BALTIMORE (WJZ) — Stamping out racial profiling. The Baltimore Police Department has a new program, pairing officers with residents. The goal is to reduce the city’s crime rate.
Gigi Barnett explains how it all works.
Take a group of Baltimore cops and a cluster of city residents, put them in a classroom and host a discussion on racial profiling. The goal is to stamp it out.
“This isn’t about a whole lot of bad officers. We got a whole lot of good officers out there,” the moderator said.
The forum is the brainchild of Police Commissioner Anthony Batts. He says it was one of the first programs he wanted to implement when he took the top spot on the force back in August 2012.
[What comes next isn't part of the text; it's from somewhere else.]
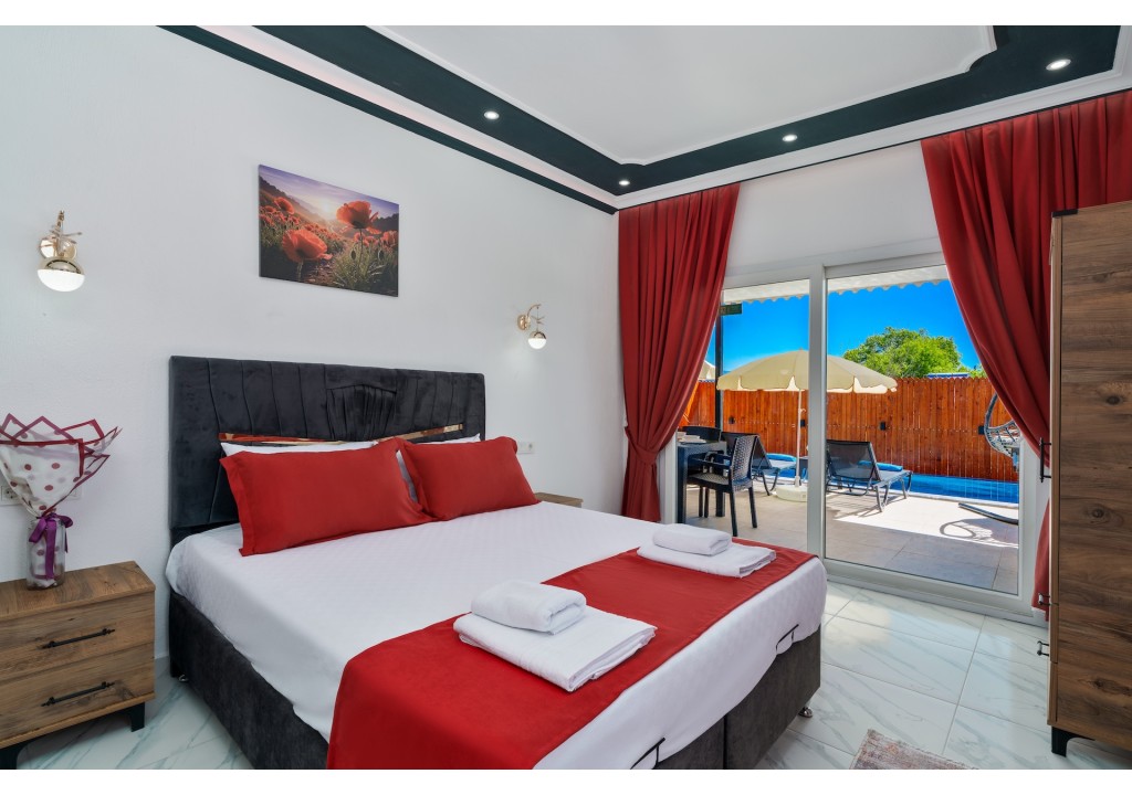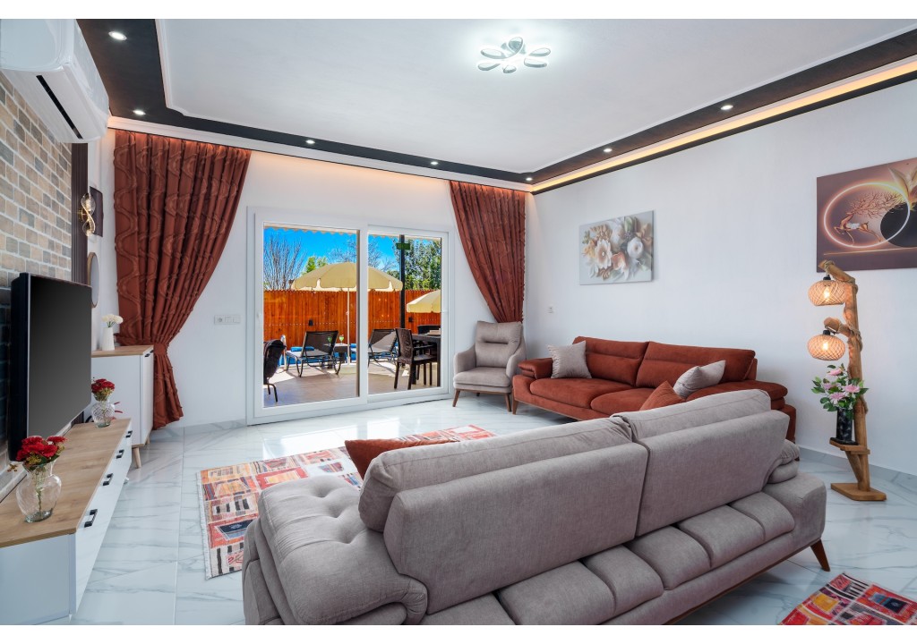Detayları; Oturma grubu, uydu TV, klima, yemek masası ve havuz terasına çıkış bulunmaktadır.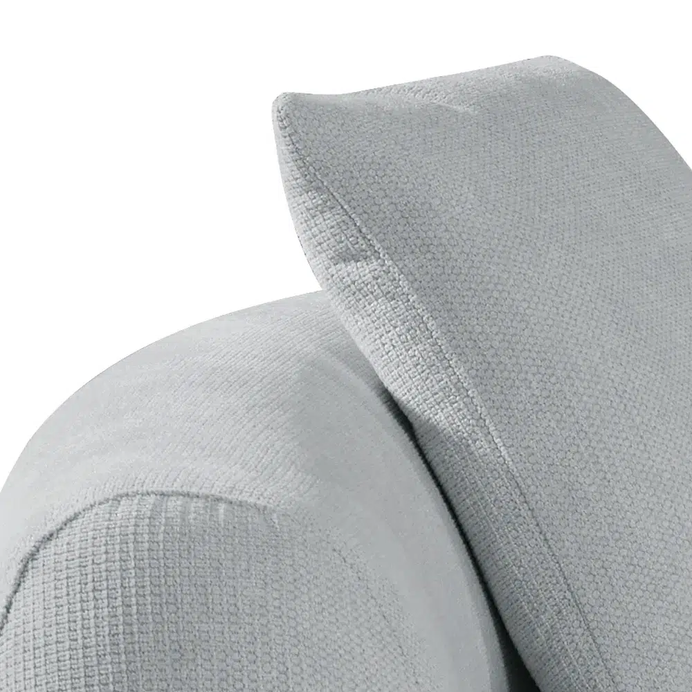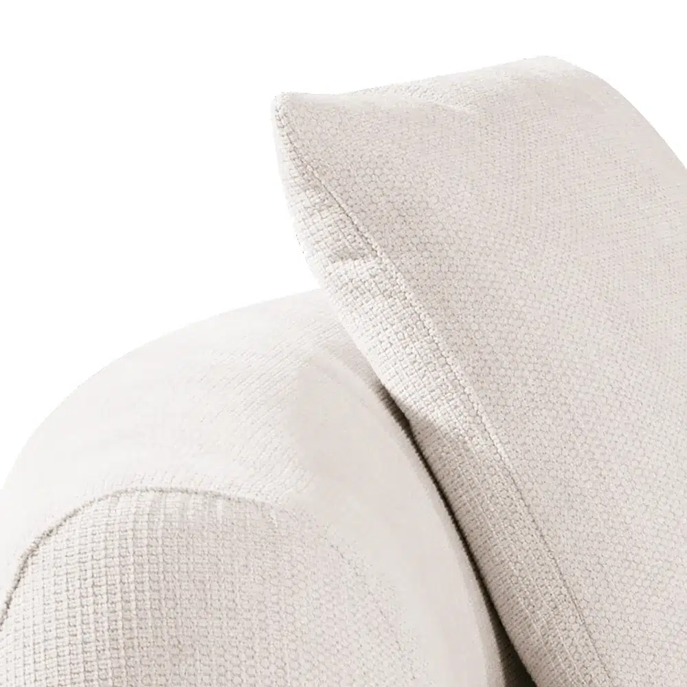 Bring a smooth, organic feel to your living room with this generous sofa. This statement piece takes inspiration from mid century styles, which fuse the sculptural minimalism of Japanese aesthetics and the inviting. Crafted with a solid wood frame and a beautfiful chromed low detail, it features a minimalist, asymmetrical design that embraces softly angled lines. Round arms and a tight back are padded with plush foam, while boucle upholstery adds a warm, textured touch. We love how this sofa’s gently curved shape is just right for large rooms with an empty corner. It comes with four toss pillows for added cushioning.

“What we’re really trying to do is give the skills to the officers so we close the gaps,” Batts said. “To allow officers to know how the community sees us, how we see the community.”
“I’ve been a victim of racism, things have happened to me. So I make it a point as an officer and now as a sergeant to take the time to make sure that I respond to certain calls,” a police representative said.
The honest discussion could build trust between police and residents and cut down on Baltimore’s growing murder rate and other crimes.
“I’ve seen profiling. I’ve seen acts of just outright, blatant racist behavior by police officers,” said Baltimore resident Kim Trueheart. “It shows us in the neighborhoods that this new commissioner is interested in what we think.”
Earlier this month, Mayor Stephanie Rawlings-Blake also called for more help from citizens to help police reduce violent crime.